Wheelchairs and Other Power-Driven Mobility Devices. The rule adopts a two-tiered approach to mobility devices, drawing distinctions between wheelchairs and "other power-driven mobility devices." "Other power-driven mobility devices" include a range of devices not designed for individuals with mobility impairments, such as the Segway® PT, but which are often used by individuals with disabilities as their mobility device of choice. Wheelchairs (and other devices designed for use by people with mobility impairments) must be permitted in all areas open to pedestrian use. "Other power-driven mobility devices" must be permitted to be used unless the covered entity can demonstrate that such use would fundamentally alter its programs, services, or activities, create a direct threat, or create a safety hazard. The rule also lists factors to consider in making this determination. This approach accommodates both the legitimate business interests in the safe operation of a facility and the growing use of the Segway® PT as a mobility device by returning veterans and others who are using the Segway® PT as their mobility aid of choice.

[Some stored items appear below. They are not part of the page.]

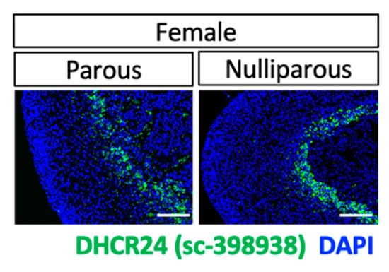 Immunostaining using DHCR24 antibody #sc-398938 of tissue from parous and nulliparous euthyroid wild-type B6 mice. The cell nuclei were counterstained with DAPI (blue). Scale bars, 130 µm.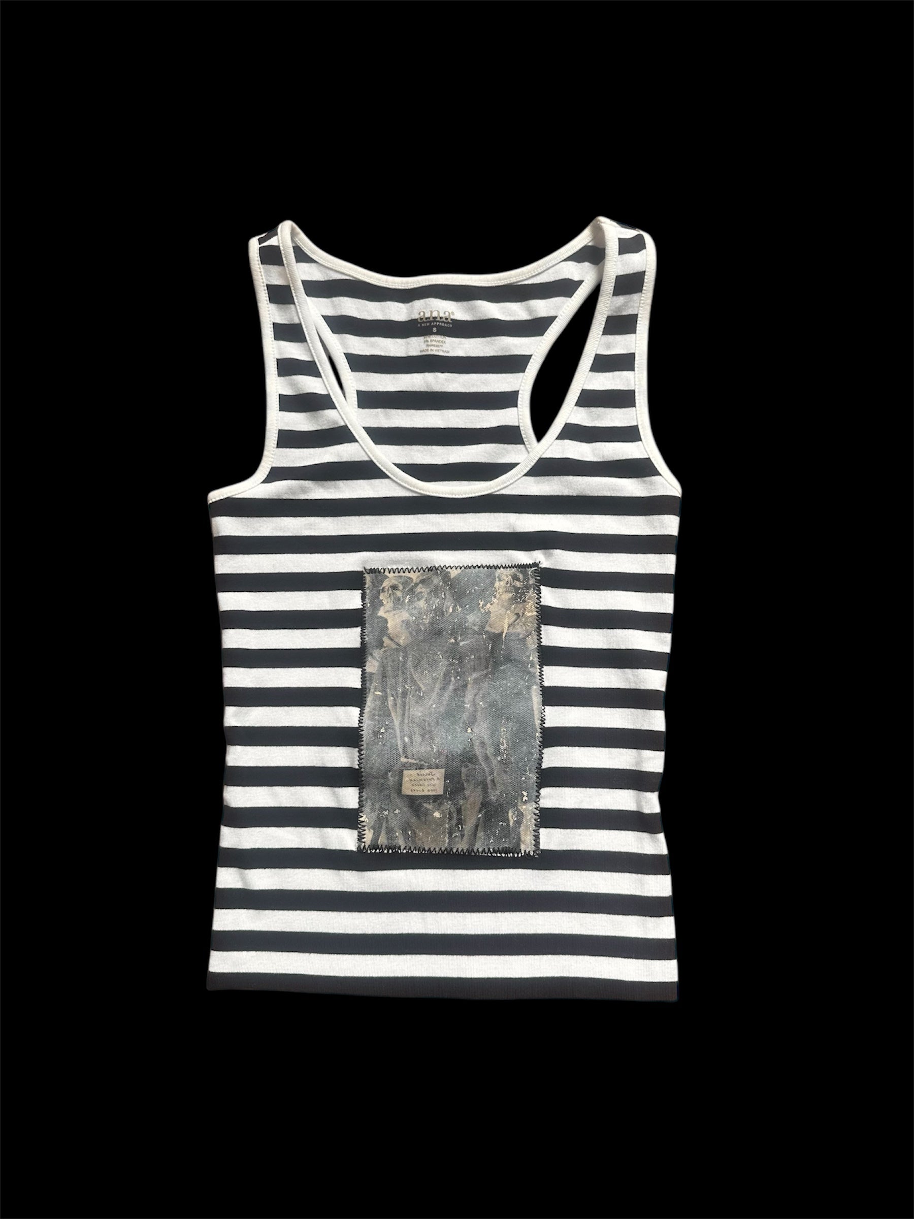 Black and white striped cropped tank top with a handmade patch made from a vintage LIFE magazine photo.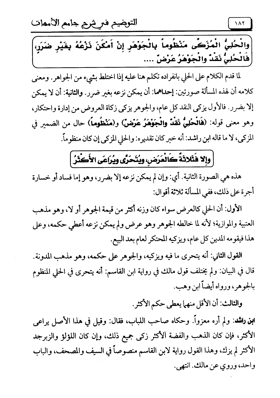 والْحُلِيُّ الْمُزَكَّى مَنْظُوماً بِالْجَوْهَرِ إِنْ أَمْكَنَ نَزْعُهُ بِغَيْرِ ضَرَرٍ، فَالْحُلِيُّ نَقْدٌ والْجَوْهَرُ عَرْضٌ ....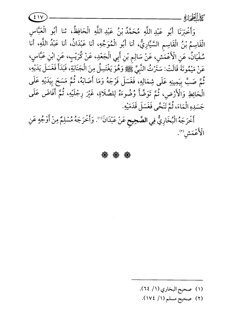 وَأَخْبَرَنَا أَبُو عَبْدِ اللَّهِ مُحَمَّدُ بْنُ عَبْدِ اللَّهِ الْحَافِظُ، ثنا أَبُو الْعَبَّاسِ الْقَاسِمُ بْنُ الْقَاسِمِ السَّيَّارِيُّ، أنا أَبُو الْمُوَجِّهِ، أنا عَبْدَانُ، أنا عَبْدُ اللَّهِ، أنا سُفْيَانُ، عَنِ الْأَعْمَشِ، عَنْ سَالِمِ بْنِ أَبِي الْجَعْدِ، عَنْ كُرَيْبٍ، عَنِ ابْنِ عَبَّاسٍ، عَنْ مَيْمُونَةَ قَالَتْ: سَتَرْتُ النَّبِيَّ - صلى الله عليه وسلم - وهُوَ يَغْتَسِلُ مِنَ الْجَنَابَةِ، فَبَدَأَ فَغَسَلَ يَدَيْهِ، ثُمَّ صَبَّ بِيَمِينِهِ عَلَى شِمَالِهِ، فَغَسَلَ فَرْجَهُ وَمَا أَصَابَهُ، ثُمَّ مَسَحَ بِيَدَيْهِ عَلَى الْحَائِطِ وَالْأَرْضِ، ثُمَّ تَوَضَّأَ وُضُوءَهُ لِلصَّلَاةِ، غَيْرَ رِجْلَيْهِ، ثُمَّ أَفَاضَ عَلَى جَسَدِهِ الْمَاءَ، ثُمَّ تَنَحَّى فَغَسَلَ قَدَمَيْهِ.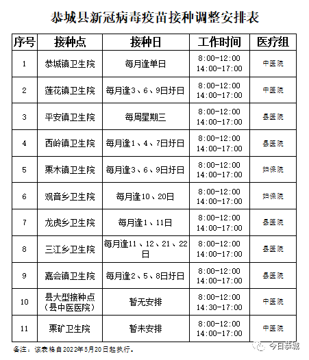 请各乡(镇)疫情防控指挥部做好宣传工作,按各接种点排班时间组织接种人员按时到接种点接种,避免群众跑空、跑冤枉路;各医疗卫生单位做好接种工作人员调配,保障新冠病毒疫苗接种工作安全稳妥推进。本通知自2022年5月20日起执行。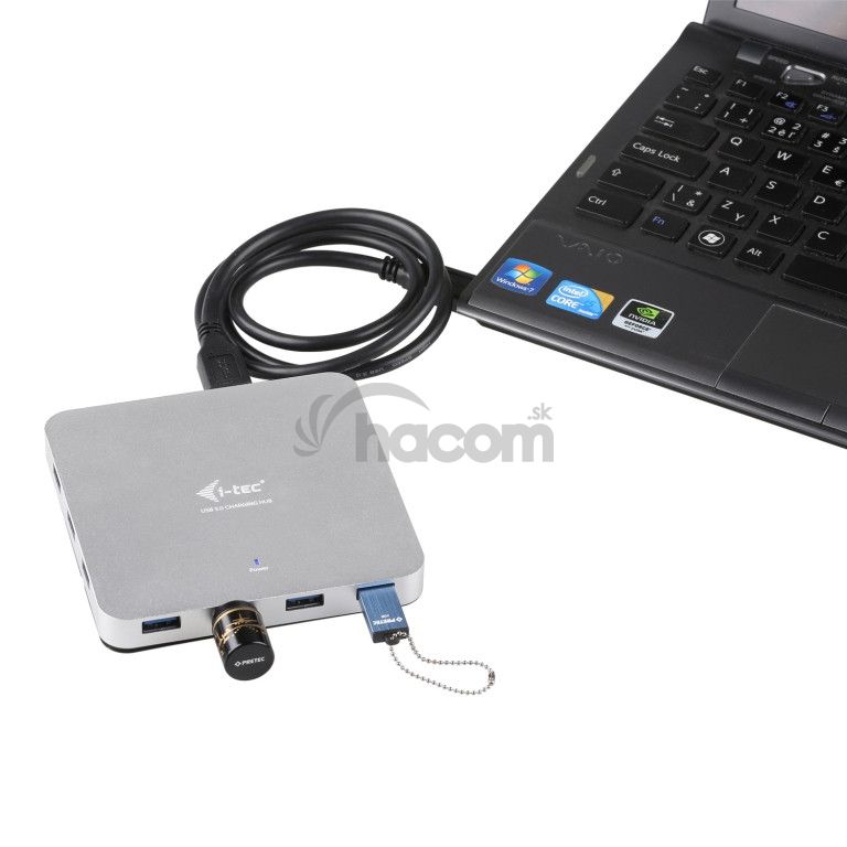 i-tec USB 3.0 Metal Charging HUB na prvý pohľad zaujme svojim elegantným kovovým dizajnom. Je ideálnym doplnkom pre každého, kto má vo svojom notebooku, ultrabooku alebo PC nedostatok USB portov a je nútený neustále pripájať a odpájať svoje obľúbené USB zariadení, ako sú flash disky, mobilné telefóny, tablety, digitálne fotoaparáty, MP3 prehrávače, tlačiarne, apod.Tento HUB ponúka 10 USB 3.0 portov s funkciou Plug & Play a štandardným USB nabíjaním - HUB automaticky detekuje, či je pripojené zariadenie pre USB nabíjanie. Výhodou je, že vďaka ich rozmiestnenie máte dostatok priestoru aj pre zapojenie väčších zariadení. Rozhranie USB 3.0 je dôležité najmä pre dátové prenosy z USB 3.0 pamäťových kariet a flash diskov, kde sa najviac využije jeho vysoká prenosová rýchlosť. LED dióda zobrazuje stav čítania a zápisu dát.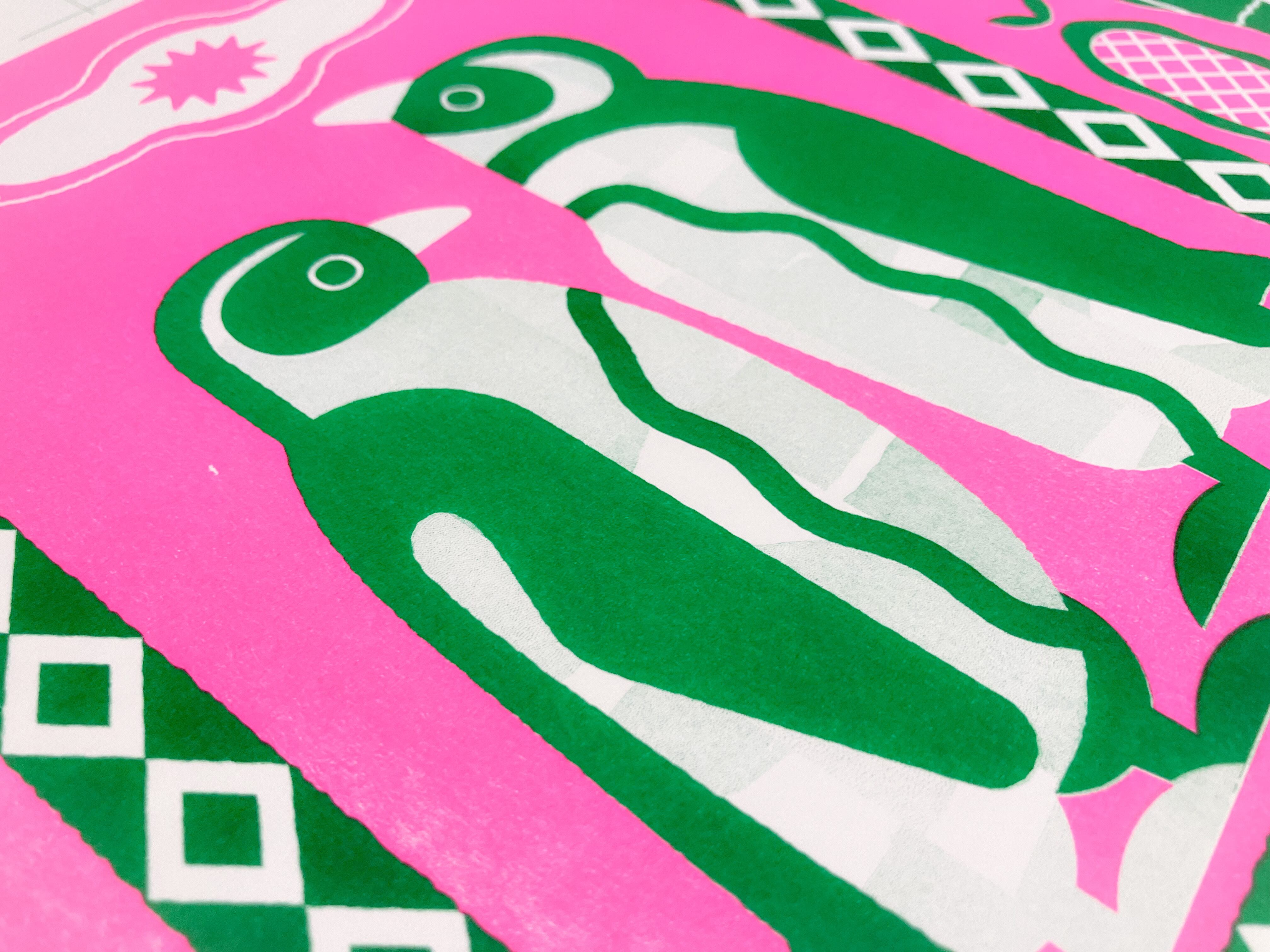 蛍光ピンクとグリーンの印象い的な色使いが特徴的なイラストで、お部屋のインテリアに華やかさをプラスしてくれます。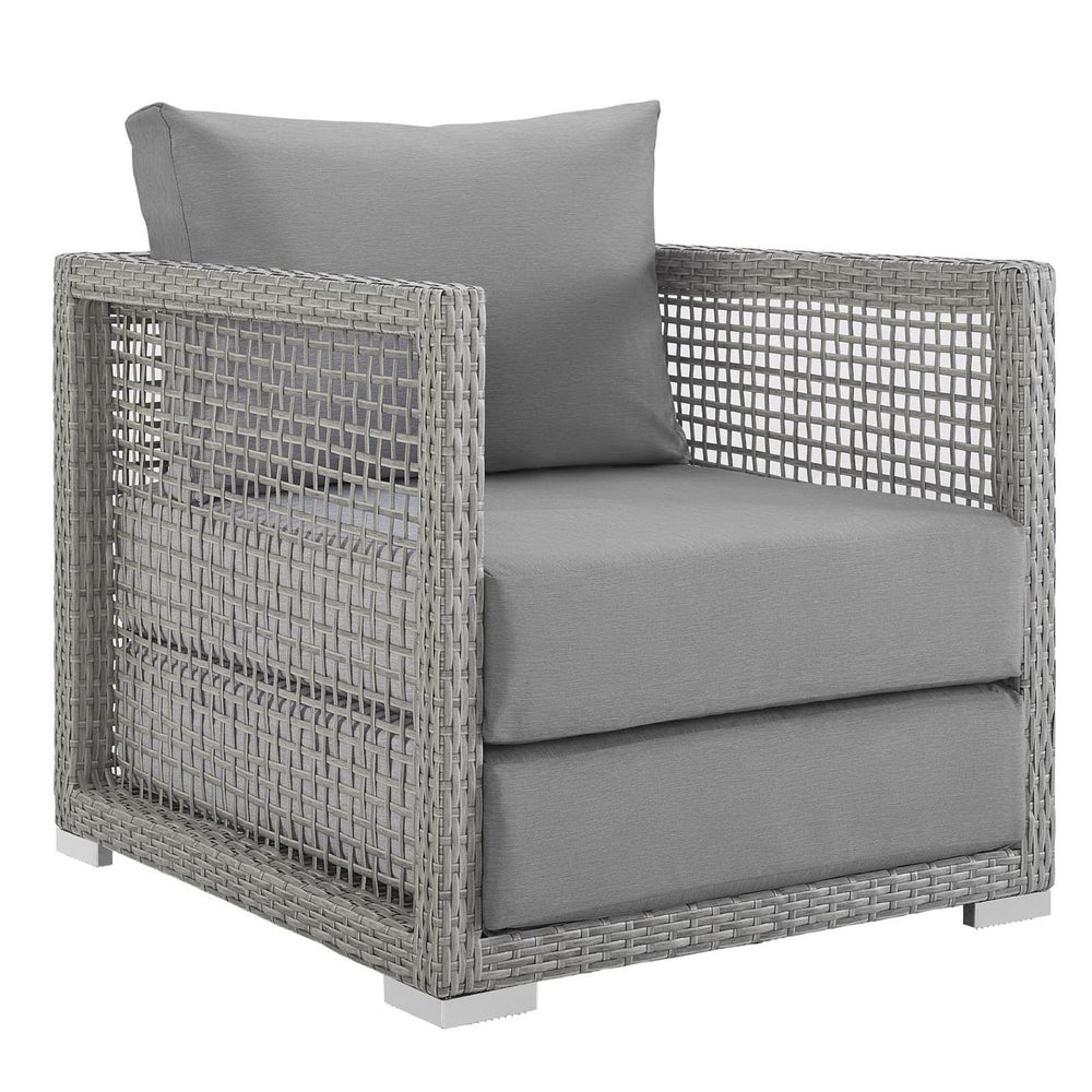 Weave conversational threads into a rollicking good time with Aura Outdoor Patio Collection. Aura comes with a synthetic gray-on-gray tone wicker rattan weave and a powder-coated aluminum frame that delivers a softly versatile outdoor collection that shifts to meet the needs of the moment. Outfitted with machine washable and fade resistant all-weather fabric cushions, and designed with an extra wide and deep body, Aura will make your outdoor spot the focal point of good memories and festive gatherings while enhancing your patio, backyard or poolside arena. Featuring thick cushions and chrome plated anti-skid feet, enjoy spacious seating and enhanced comfort with this reliable piece of outdoor furniture. Comes fully assembled.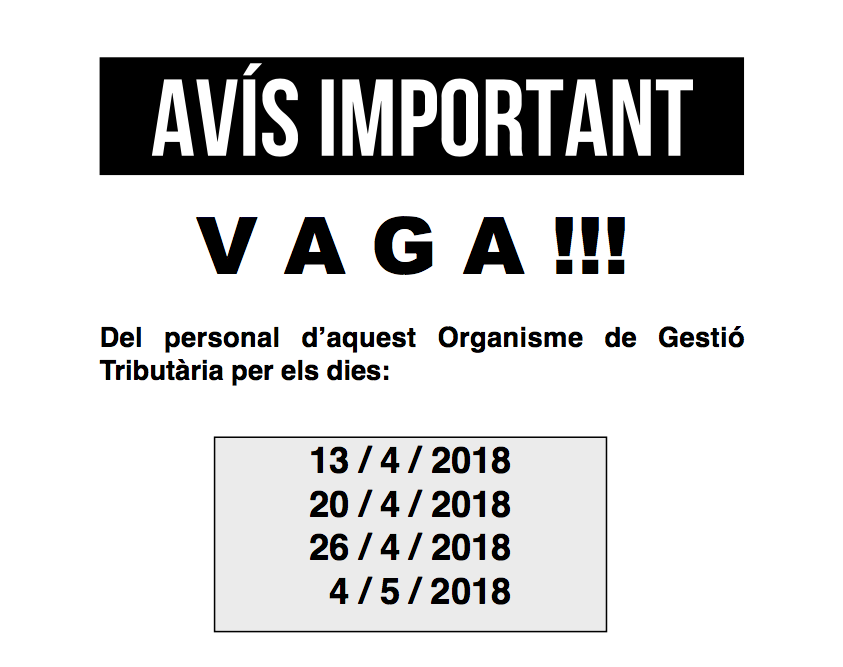 El personal de l'Organisme de Gestió Tributària convoca quatre dies de vaga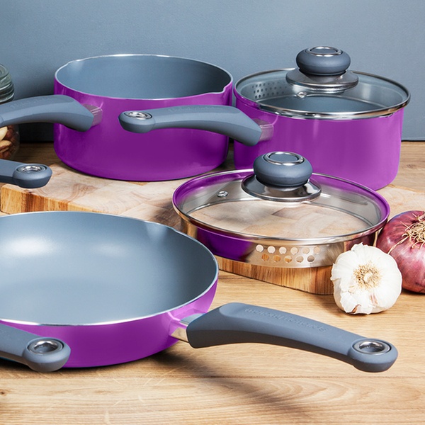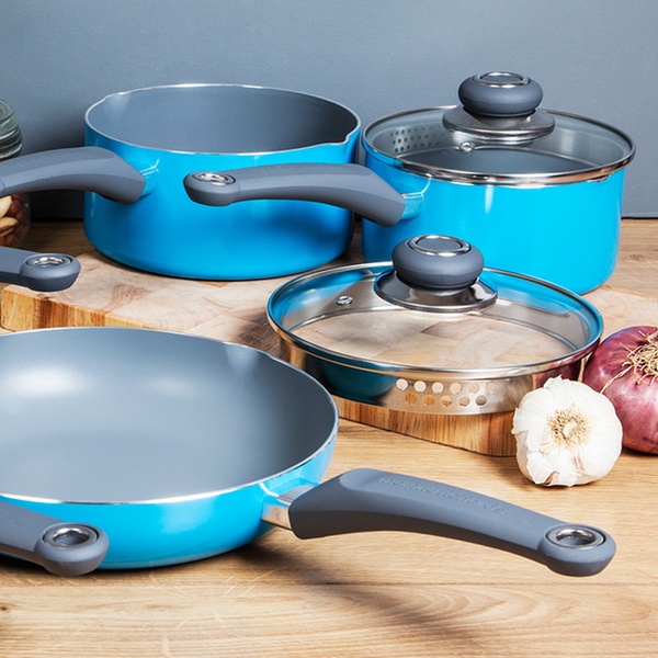 Featuring a deep aluminium body and induction base, this five-piece pan set makes a stylish addition to the kitchen utensils
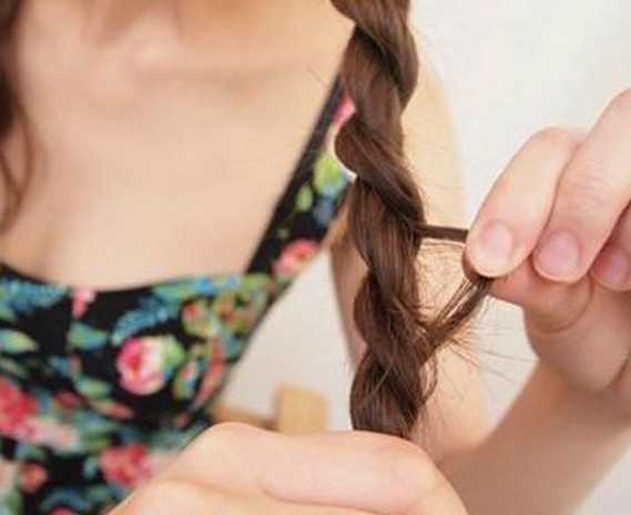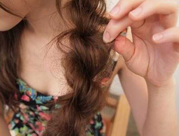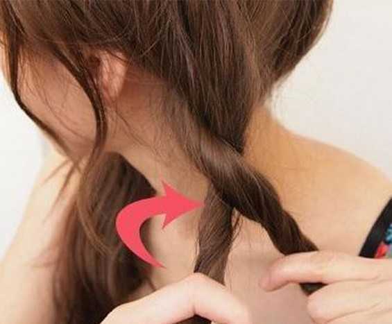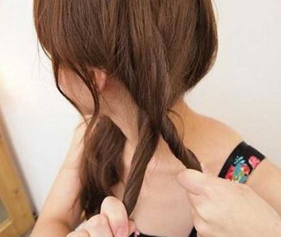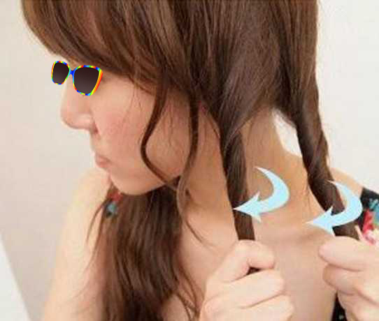 Step2:将一边的头发分成两份,然后就扭转起来。
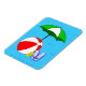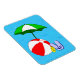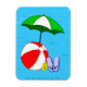 Fun beach or swimming pool themed art of a red beach ball, green sun umbrella, vacation sandals and suntan oil on a wavy blue background.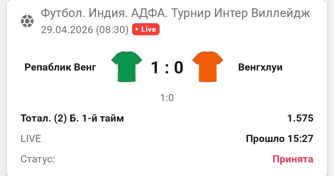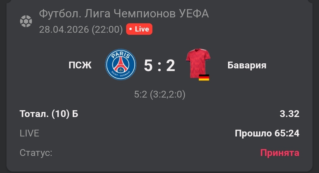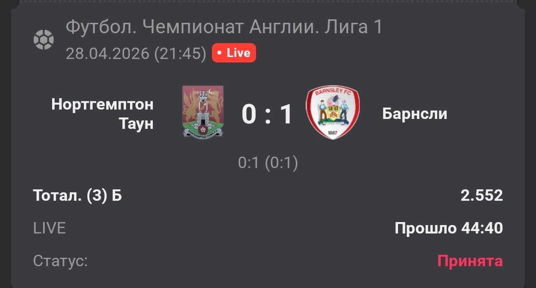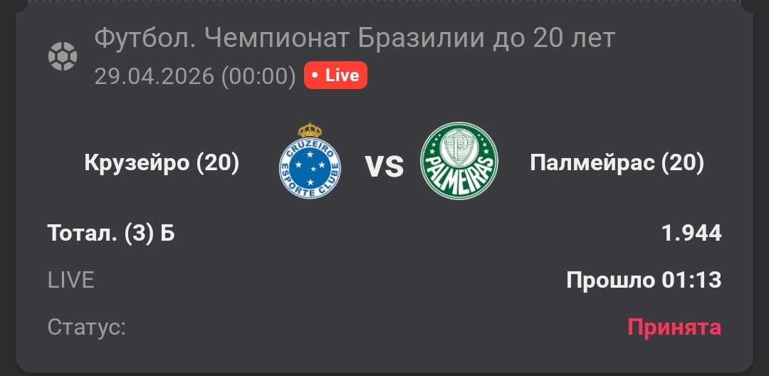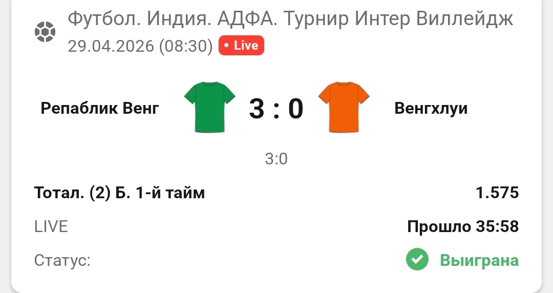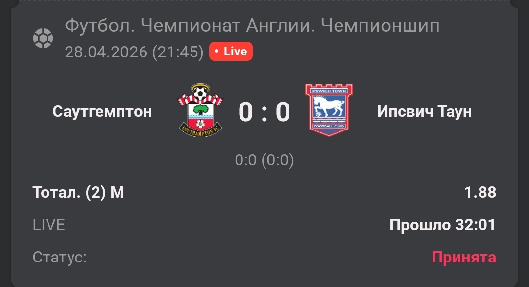 Постоянный JokerbetsAi 151 Опубликовано 6 часов назад Автор Постоянный Поделиться Опубликовано 6 часов назад 15 минут назад, JokerbetsAi сказал: Тотал больше 2.5 / 3 тайм 1 Вообще легко с победой Цитата Ссылка на комментарий https://brcbet.com/topic/226336-ograblenie-bukmekera-sezon-3/page/62/#findComment-525358 Поделиться на другие сайты Поделиться

See aditional information and comments on the “power-driven mobility device" issue:

"The proposed regulation does not exclude other power driven mobility devices from use in proposed or designated federal Wilderness areas."

Concerns with proposed powered mobility device rule

Trail managers and supporters, as well as some accessibility advocates have raised concerns about the proposed rules and definitions for mobility devices. The following questions and comments are intended to encourage thought and discussion on this complex issue:

  • "If the rule were adopted without greater weight given to the central values of backcountry recreation, the land manager would have to prove that “use of the device is not reasonable or that its use will result in a fundamental alteration of the public entity’s service, program, or activity. Furthermore, the land manager and cooperating managers, “shall not ask a person using a mobility device questions about the nature and extent of the person’s disability."
  • "Powered scooters have become the vehicle of choice indoors as well as out. Even though most models are specifically designed for outdoor use, many people with disabilities want wider doors and hallways so they can use the same device indoors as well. As the proposed rule is written, could motorized bikes and small ATVs be used in the same way?"
  • "The key phrase in the proposed rule is the clause that states the person with a disability must be allowed to use any device whether or not the device is made specifically for persons with disabilities."
  • "The proposed definition only allows for a very limited range of exceptions. How could the definition be writen to clarify which types of "other power driven mobility devices" would be allowed?"
  • "The assumption of the proposed rule is that all trails and areas are open to such use by people who have disabilities unless posted as closed to that specific use."
  • "The expectation of the proposed rule, as explained in the NPRM preamble, is that any person who says they have a disability will be allowed to operate any device that increases their mobility, even if the use of such devices in that location are prohibited for all other people."
  • "It would be up to individual land managers to evaluate each trail and area in order to identify the trails and areas where each specific type of other power driven mobility device will be prohibited."
  • "It has the potential to dramatically change traditional park and forest environments, create a confusing new array of expectations among the public and managers, and deplete already strained public resources."
  • "The required policy development by public entities to prohibit the use of other power-driven mobility devices by persons with disabilities will be an onerous, expensive task for them and, in the interim, major resource and trail damage could occur."

All comments must be received by Regulations.Gov by August 18, 2008.

On June 17, 2008, the Department of Justice (DOJ) published in the Federal Register a Notice of Proposed Rule Making (NPRM). Within this NPRM, DOJ is proposing to add a broad new category of “other power-driven mobility devices.” See "Section 36.311 Mobility Devices."

All comments were to be received by Regulations.Gov by August 18, 2008.